Lafcadio Hearn (1850–1904)


From Lafcadio Hearn: American Writings

One of the journalist Lafcadio Hearn’s earliest books was a collection of


adaptations of Chinese legends—which he completed even though he actually
knew next to nothing of the Chinese language. While working on the proofs for
the book, he corresponded frequently with his friend Elizabeth Bisland, a former
colleague at the New Orleans Times Democrat who had moved in 1887 to New
York to become an editor at Vogue. (Bisland would became famous two years
later, when she raced New York World reporter Nellie Bly around the world,
attempting to beat Phileas Fogg's fictitious record in the famous Jules Verne
novel.
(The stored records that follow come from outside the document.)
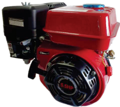
MOTOR ESTACIONÁRIO 5,5HP
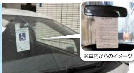
※車内からのイメージ

利用証は駐車する時、 ルームミラーにかける など、外から見えるよう に掲示してください。
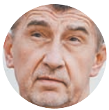
Andrej Babiš, premier RC w dymisji

Opodatkowanie restytucji kościelnych to nasz priorytet. Nie obawiamy się też ewentualnych rozpraw sądowych
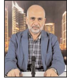
■ بقلم: مصطفى يوسف الداودي

ينظم الفلسطينيون في الوطن وحيث ينتشرون، والعرب والمسلمون والأحرار المؤيدون لهم ولعدالة قضيتهم، مظاهرات واعتصامات، وأن يقوموا بأششطة وفعاليات مختلفة تسلط الضوء على قضيتهم، وتلفت أنظار العالم إليهم، وتدفع المؤسسات الدولية لتحريك قضيتهم والدفاع عنهم.
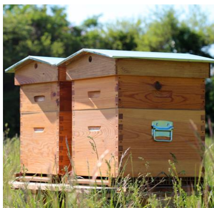
L'apprentissage de l'apiculture
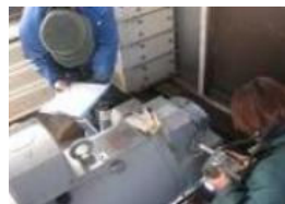
専門技師の機器点検
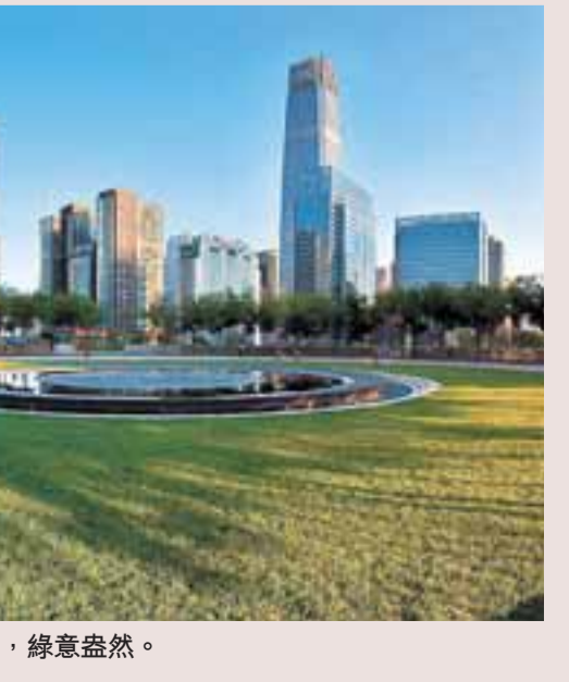
CBD中央區綠地，綠意盎然。
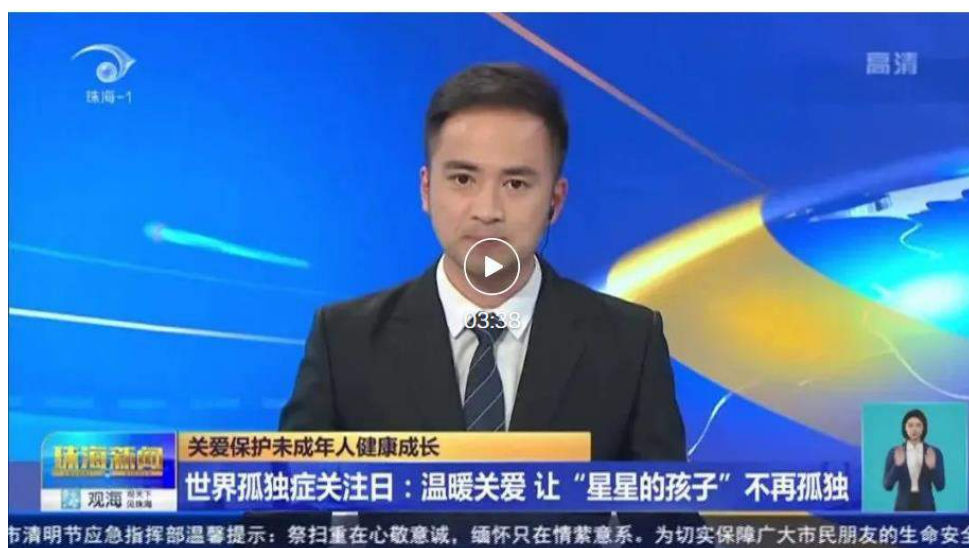
《珠海新聞》報導珠海奧園廣場「孤獨症關注日」專題活動

其中浦北奧園廣場攜手場內商戶拍攝短視頻給「來自星星的孩子」送上關愛，而珠海奧園廣場開展了「星星兒童藝術作品展」，吸引了多家媒體聚焦報導和眾多市民駐足觀看，讓更多市民對孤獨症的孩子們有了更深的瞭解，讓愛在溫暖中傳遞。

She lost the race, although both women made the trip in less than eighty
days.) Hearn’s letters to Bisland included updates about his struggling career as
fiction writer and anecdotes about the remarkable characters he continued to
meet in New Orleans. In one letter he complained that his latest attempt to learn
Chinese had ended in failure. “My last pet was a Chinese doctor, whose name I
cannot even pronounce. He tried to teach me Chinese; but I discovered the nasal
tones almost impossible to imitate.”

His failure to learn the language didn’t dampen his enthusiasm for the “weird
beauty” of the six tales included in his book, and he instead relied on the work of
various European Sinologists to help him create his own versions and understand
the historical and linguistic allusions. “To such great explorers,” he acknowledged
in a preface, “the realm of Cathayan story belongs by right of discovery and
conquest; yet the humbler traveller who follows wonderingly after them into the
vast and mysterious pleasure-grounds of Chinese fancy may surely be permitted
to cull a few of the marvellous flowers there growing.”